The EHR system follows a service-oriented architecture with clear domain boundaries aligned to clinical workflows. The API layer exposes HL7 FHIR R4-compliant RESTful endpoints through an API Gateway (Kong) handling OAuth 2.0/SMART on FHIR authentication, rate limiting, and request routing. Behind the gateway, domain services are organized by clinical function: Patient Demographics Service, Clinical Documentation Service, Order Entry Service (CPOE), Results Service, and Medication Service. Each service owns its data store but shares patient identity through a Master Patient Index (MPI).

The data architecture uses a polyglot persistence strategy. Structured clinical data (diagnoses, medications, lab results) is stored in PostgreSQL with a FHIR-native schema where each resource type maps to a table with a JSONB column for the FHIR resource payload plus extracted columns for common query fields. Unstructured clinical notes are stored in object storage (S3) with metadata indexed in Elasticsearch for full-text clinical search. The Master Patient Index uses PostgreSQL with probabilistic matching algorithms (Jaro-Winkler string similarity on name, DOB, SSN) to link patient identities across facilities.

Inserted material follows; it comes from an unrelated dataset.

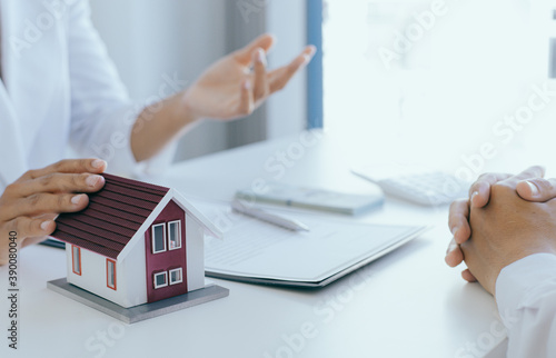 Home salesman explains the terms of buying a home to customers who need accommodation.

All data is encrypted at rest using AES-256 with envelope encryption managed by AWS KMS. A dedicated Audit Service consumes events from every service via Kafka and writes immutable audit records to a time-series append-only store (TimescaleDB). The audit trail captures: who accessed what data, when, from which IP, for which patient, and whether break-the-glass was invoked.

Core Components

Master Patient Index (MPI)

The MPI is the identity backbone of the EHR, ensuring a single longitudinal record per patient across all facilities. When a patient registers, the MPI runs a probabilistic matching algorithm comparing incoming demographics (name, DOB, gender, SSN, address, phone) against existing records using weighted Jaro-Winkler similarity scores. Matches above 0.95 confidence auto-link; scores between 0.80-0.95 are queued for manual review by Health Information Management (HIM) staff. The MPI stores a golden record per patient with links to facility-specific medical record numbers. Enterprise Master Person Index (EMPI) federation allows cross-organization identity resolution via FHIR Patient/$match operations. The MPI runs on PostgreSQL with GiST indexes on trigram-indexed name fields for fast fuzzy search.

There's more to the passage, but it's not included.